Algeria’s light-middleweight Mohamed Mekhelouf settled for silver as India’s two-time world champion Nikhat Zareen (pictured) suffered a shocking defeat in the finals of Strandja Memorial tournament on Sunday, February 11, in Sofia, Bulgaria.
Mekhelouf lost 5-0 to Uzbekistan’s 2017 World Championships silver medallist and 2018 Asian Games champion Ikboljon Kholdarov whose vast experience was evident as he dominated Algeria’s newcomer to the big stage.
The North Africans finished the tournament with an impressive one silver and four bronze medals won by minimumweight Kamel Khennousi, welterweight Abdenacer Benlaribi, middleweight Abderaouf Ghazli Ahmed and light-heavyweight Mohamed Houmri.
Mekhelouf becomes the third Algerian to make it to the finals of the prestigious Strandja Memorial tournament after two-time Africa light-flyweight champion Roymaysa Boualam and 2022 World Championships silver medallist and Africa light-welterweight gold medallist in Maputo Imane Khelif who won gold in the 2021 Strandja Memorial with Boualam bagging silver.
The five medals won by Algeria were a significant improvement from last year’s Strandja Memorial in which they collected two bronze medals courtesy of minimumweight Fatiha Mansouri and Boualam.
India’s two-time world champion and reigning Commonwealth Games light-flyweight queen Nikhat Zareen was aiming for her third gold medal in the Strandja Memorial but Uzbekistan’s former Asia Junior champion Sabina Bobokulova blew up her ambition by squeezing a narrow but a shocking 3-2 victory over the celebrated Indian boxer who left it late against the aggressive Uzbekistan pugilist who started the fight at a breakneck pace, giving Zareen little room to implement her fight plan.
The other world champions to fall by the wayside were Kazakhstan’s world minimumweight champion Sanzhar Tashkenbay and India’s female middleweight champion Lovlina Borgohain. Uzbekistan’s decorated 2016 Olympic gold medallist and the reigning world flyweight champion Hasanboy Dusmatov did not appear for his semi-final bout against compatriot Khujanazar Nortojiev who sailed to the final on a walkover to win gold with a 3-2 decision against defending bantamweight champion Yasen Radev of Bulgaria.

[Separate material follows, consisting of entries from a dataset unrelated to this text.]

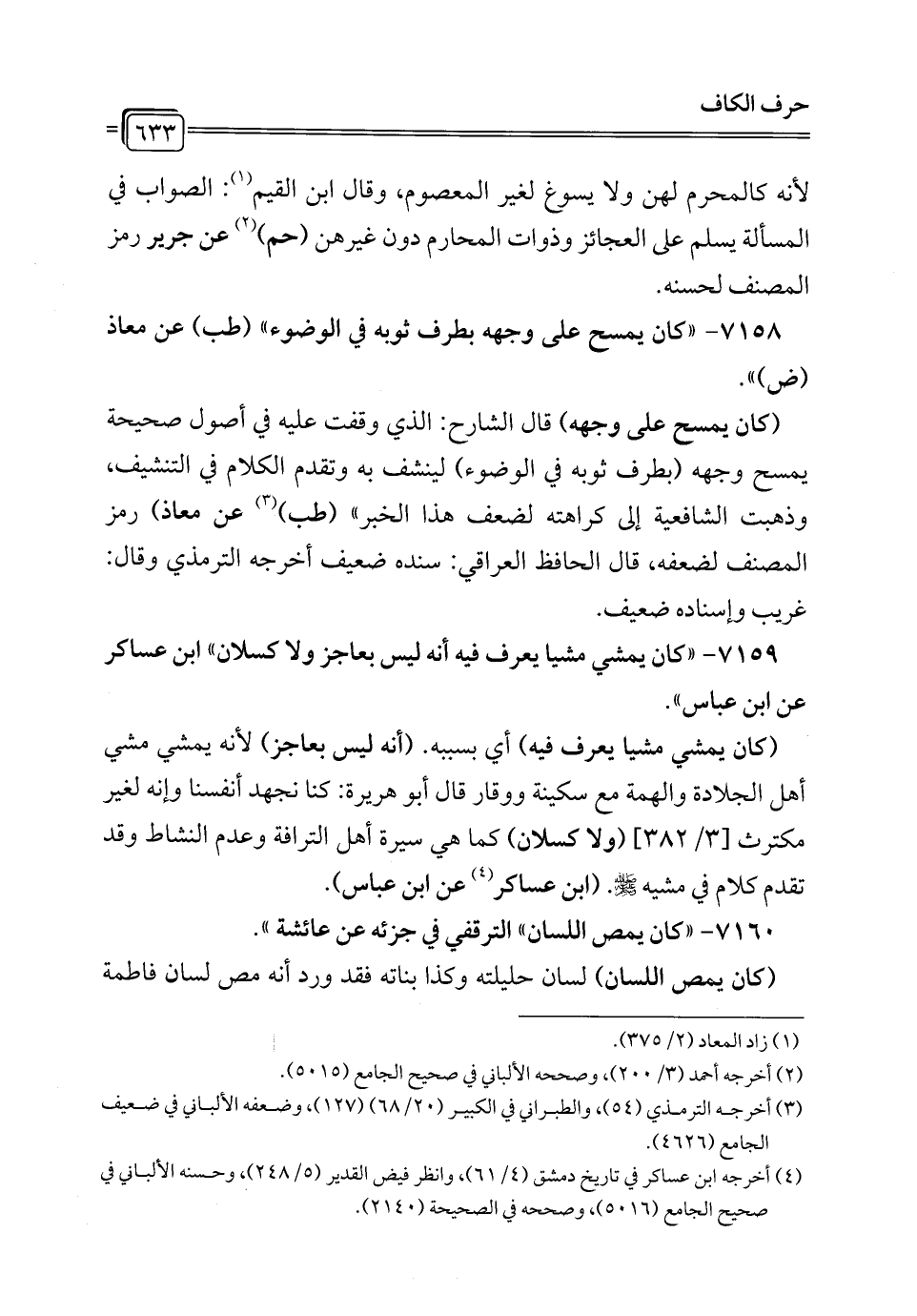 7158 - "كان يمسح على وجهه بطرف ثوبه في الوضوء" (طب) عن معاذ (ض) ".
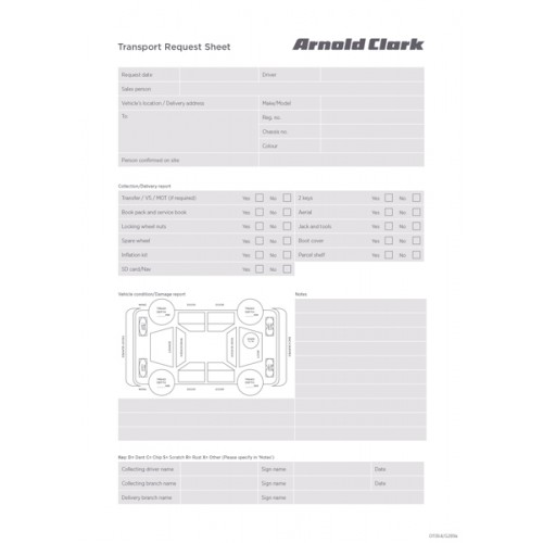 G289A TRANSPORT REQUEST SHEET PADS
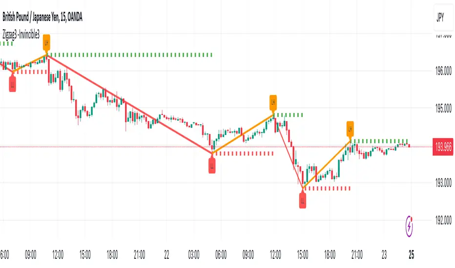 Zigzag3 - Invincible3 is a powerful and flexible support and resistance indicator for TradingView. Utilizing an enhanced ZigZag algorithm and Dow Theory principles, it detects price pivots, higher highs (HH), lower highs (LH), higher lows (HL), and lower lows (LL). The indicator draws lines and labels to visualize these pivots, making it easier to identify market structure, trends, and potential reversal points.
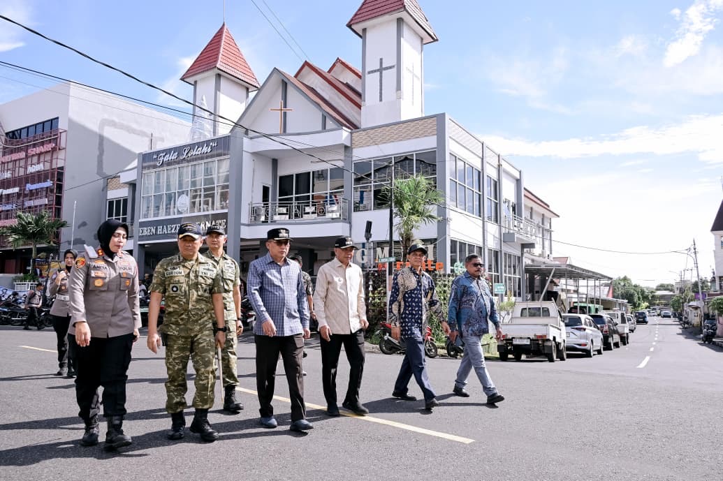 Ternate – Kepala Kepolisian Resor (Kapolres) Ternate AKBP Anita Ratna Yulianto, S.I.K., M.H., bersama unsur Forum Koordinasi Pimpinan Daerah (Forkopimda) Kota Ternate, melakukan peninjauan langsung pelaksanaan ibadah Natal 2025 di sejumlah gereja di wilayah Kota Ternate, Kamis (25/12/25).
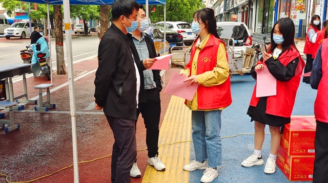 4月29日,商水團(tuán)縣委組織30余名志愿者向沿街商戶宣傳疫情防控政策,提醒沿街商鋪商家落實(shí)好掃“兩碼”、測(cè)體溫、出入登記等各項(xiàng)疫情防控措施。
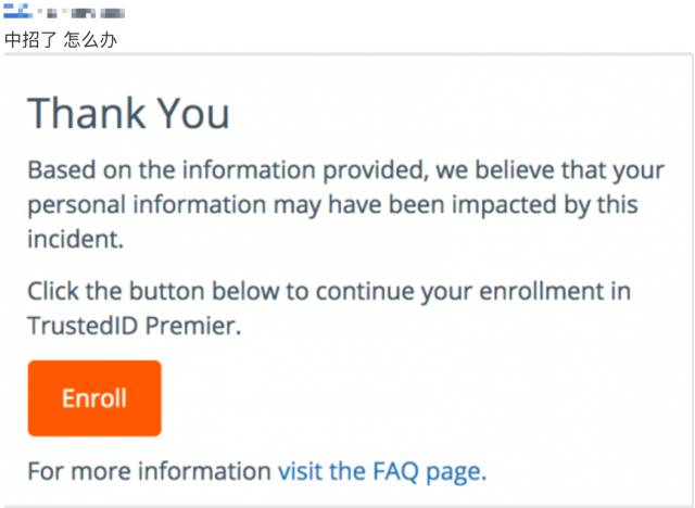 告诉你可能受到了影响,那么建议按照Equifax的提示完成注册;
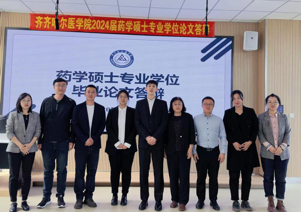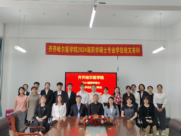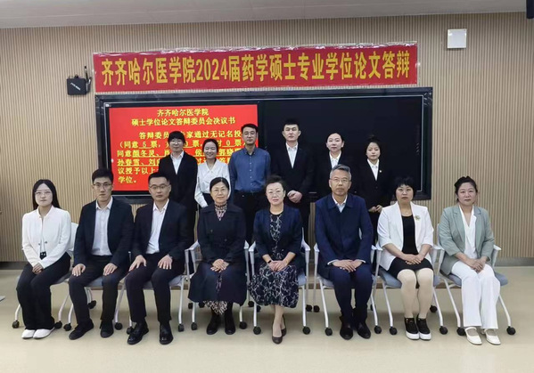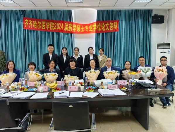 5月25日、5月27日药学院举办2024届药学硕士专业学位论文答辩会。沈阳药科大学孟大利教授,哈尔滨医科大学吕延杰教授、杨春娟教授,黑龙江中医药大学阎雪莹教授,齐齐哈尔大学赵冰教授,哈尔滨医科大学附属第六医院马满玲教授等应邀担任药学专硕各研究方向答辩委员主席。学院副院长于海涛出席会议并指导答辩工作。学院药学学科带头人刘吉成教授、研究生院副院长卢长方、科研处副处长岳丽玲、药学院领导班子成员、各方向答辩委员会成员,毕业生及毕业生导师、在读研究生等参加答辩会。
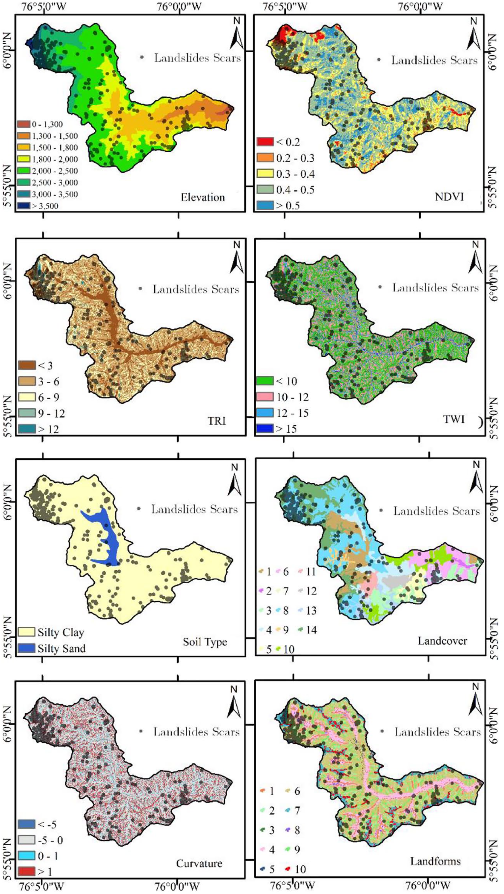 Figure 6 shows the spatial distribution of the chosen LCF for modeling and its value ranges. In general terms it can be noticed that the spatial distribution of the elevation factor shows the altimetric variation of the study area, showing a definite pattern with a marked trend of increasing low values from the east to higher values in the west. In addition, it is observed that most of the landslides have occurred at higher elevations. In fact, it can be noticed that the greatest occurrence of landslides in the basin corresponds to the elevation range between 3,000 and 3,500 m.a.s.l., where there are landforms with gradients of slopes greater than 45°.
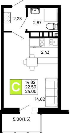 Общая площадь квартиры — 24 кв.м. Тип дома — монолит-кирпич. Компания-застройщик — ССК.
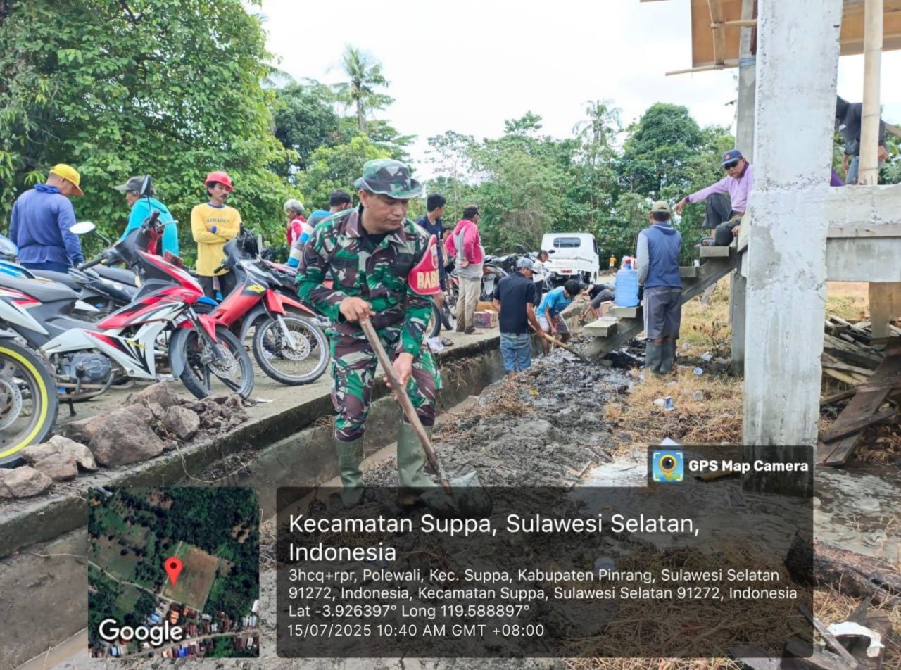 Pinrang_ Dukung Ketahanan pangan, Babinsa Koramil-01/Suppa Kodim 1404/Pinrang Sertu Arief Budi berbaur bersama Staf Desa dan warga melaksanakan kerja bakti pembersihan saluran irigasi di Dusun Belabelawa Desa Polewali Kecamatan Suppa Kabupaten Pinrang, Rabu (16/07/2025).
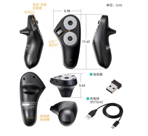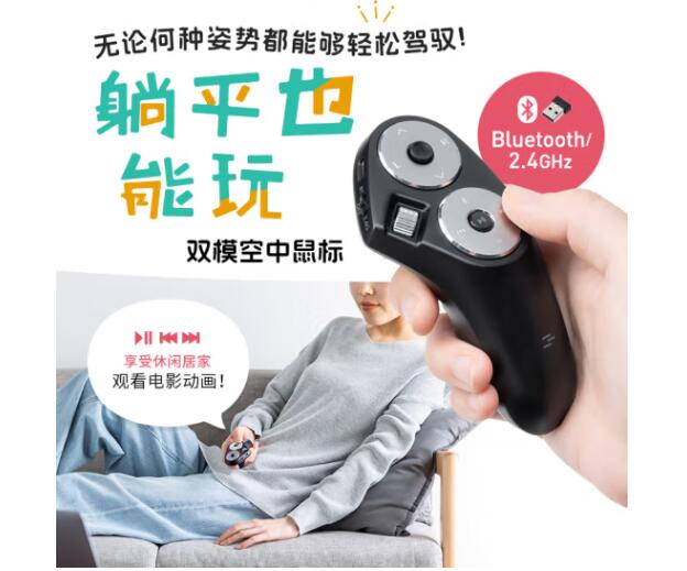SANWA SUPPLY双模空中鼠标 多功能懒人遥控鼠标 手持小鼠标 双面板 附滚轮 多媒体漫画电子书演讲优先等适用 黑色
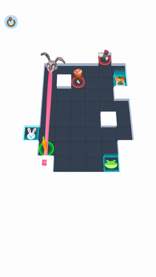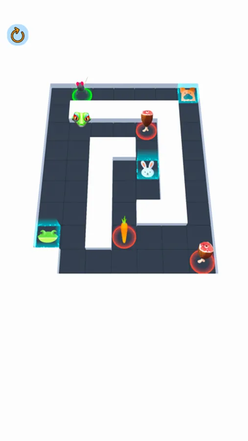 Move through the maze, transform your character by passing through the gates and eat the right food.
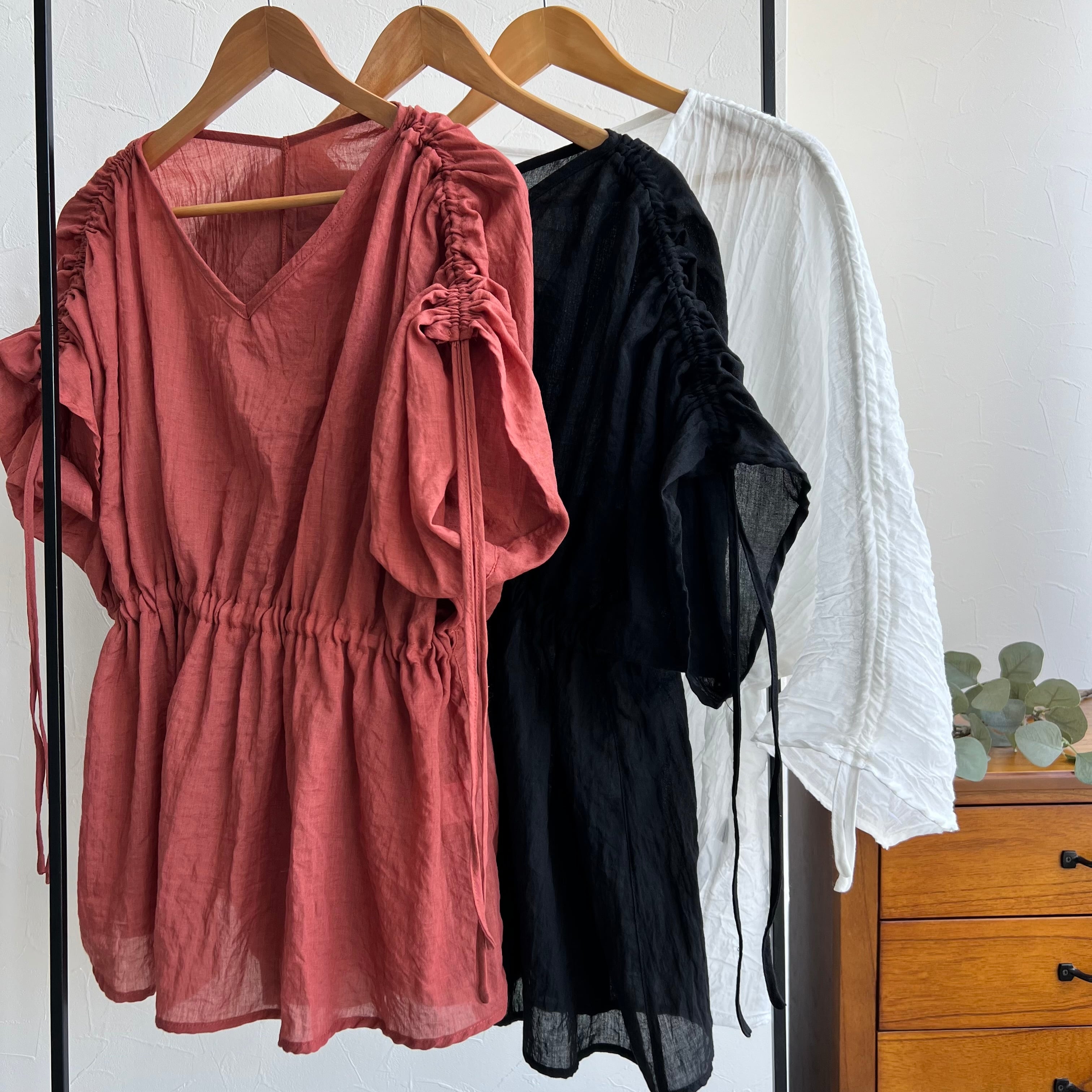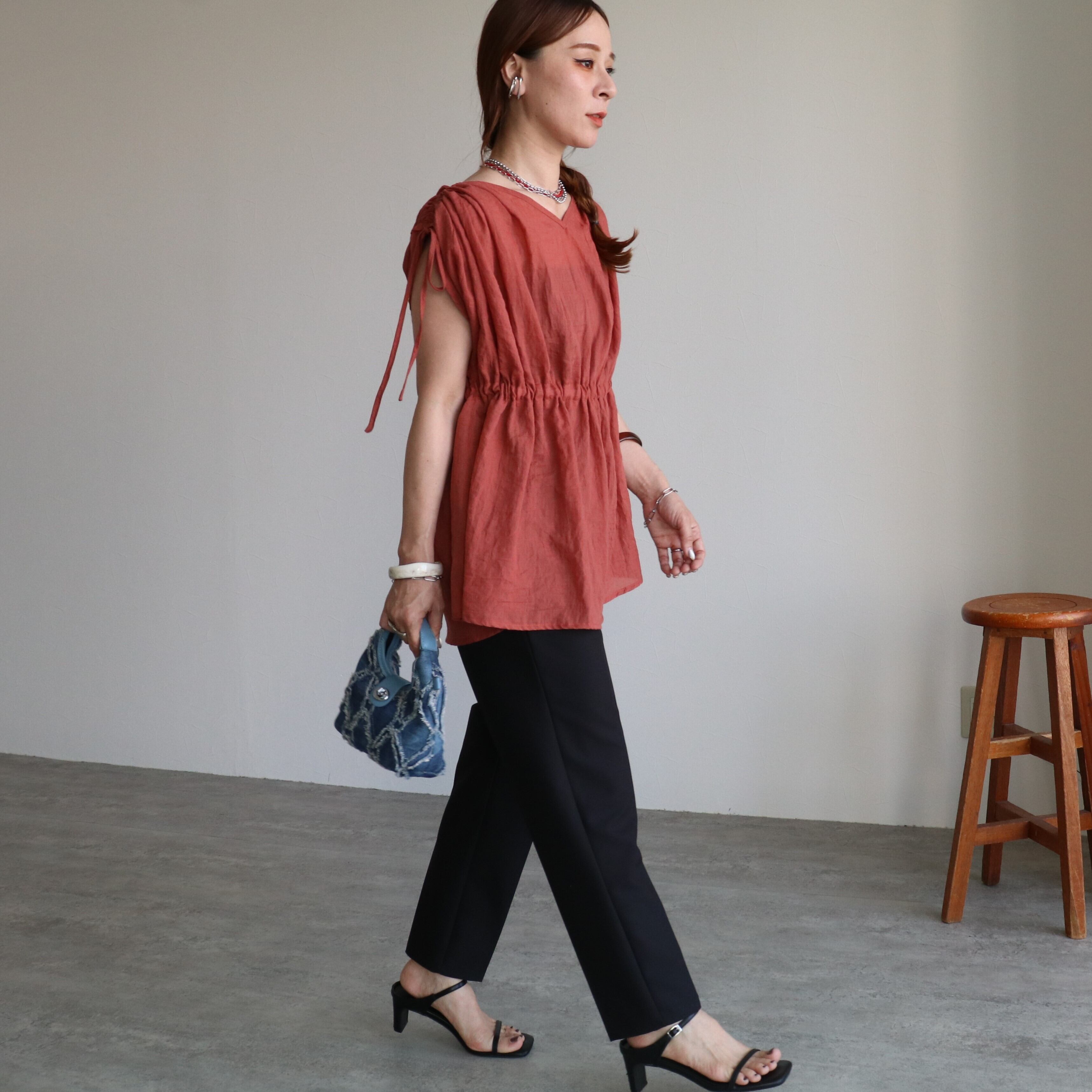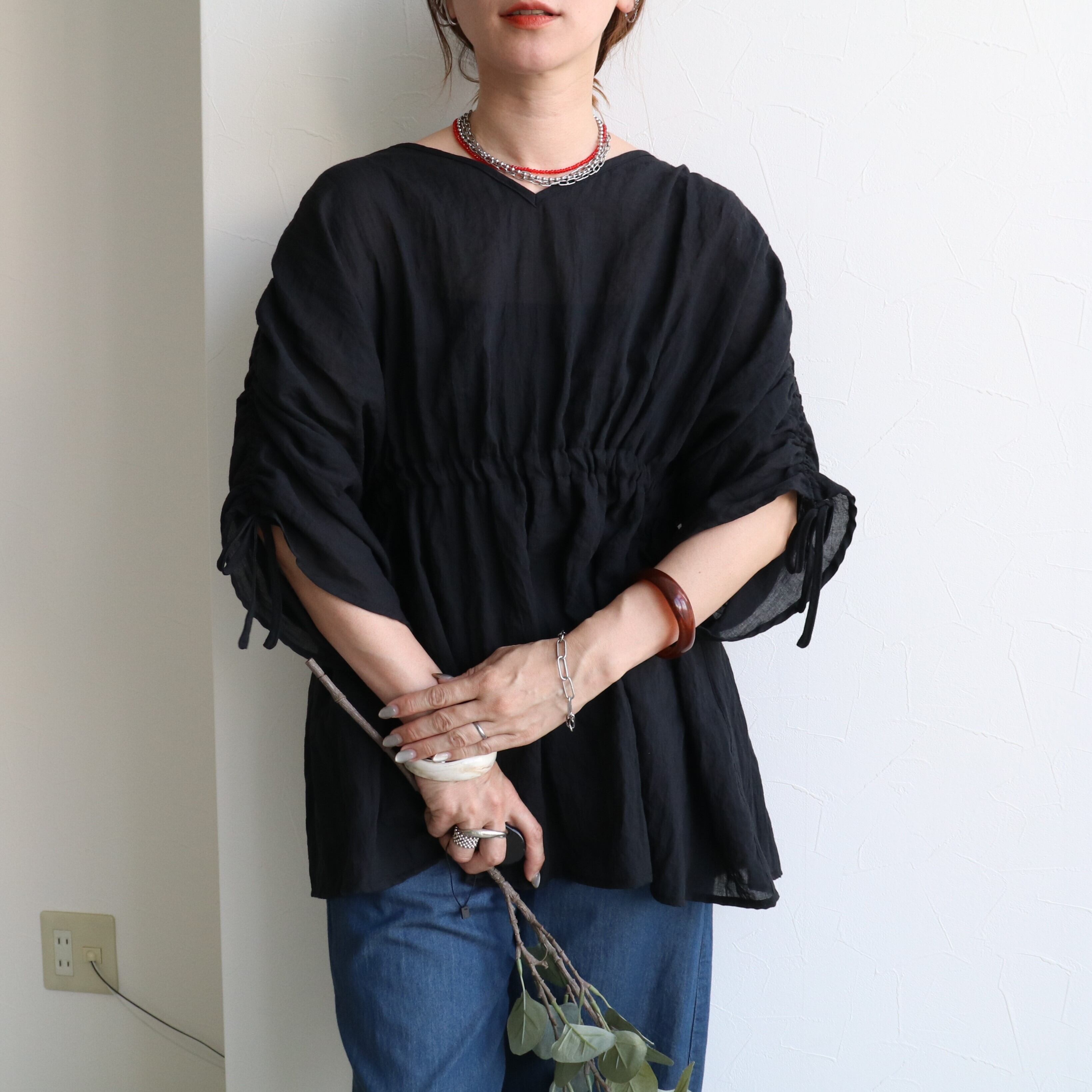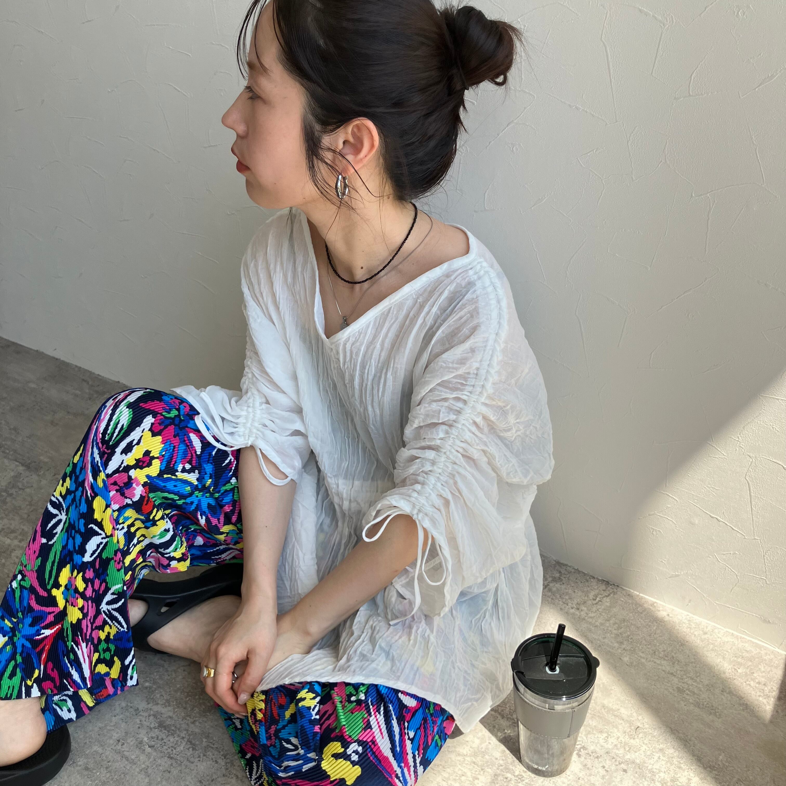 ほんのり透け感とたっぷりのギャザーが今季らしいVネックブラウス。

India’s Borgohain, who’s also the Olympic bronze medallist, was sent packing in the quarter-finals by Ireland’s European Games middleweight champion Aoife O’ Rourke who went on to hand China’s two-time Olympic medallist a bitter defeat in the semi-finals, and in the finals she beat Thailand’s Asian U22 champion Baison Manikon, the teenage talent who was influenced by his father to take up Thailand’s kickboxing discipline, Muay Thai, to improve her asthma condition. She went on to take part in the 2020 Tokyo Olympics.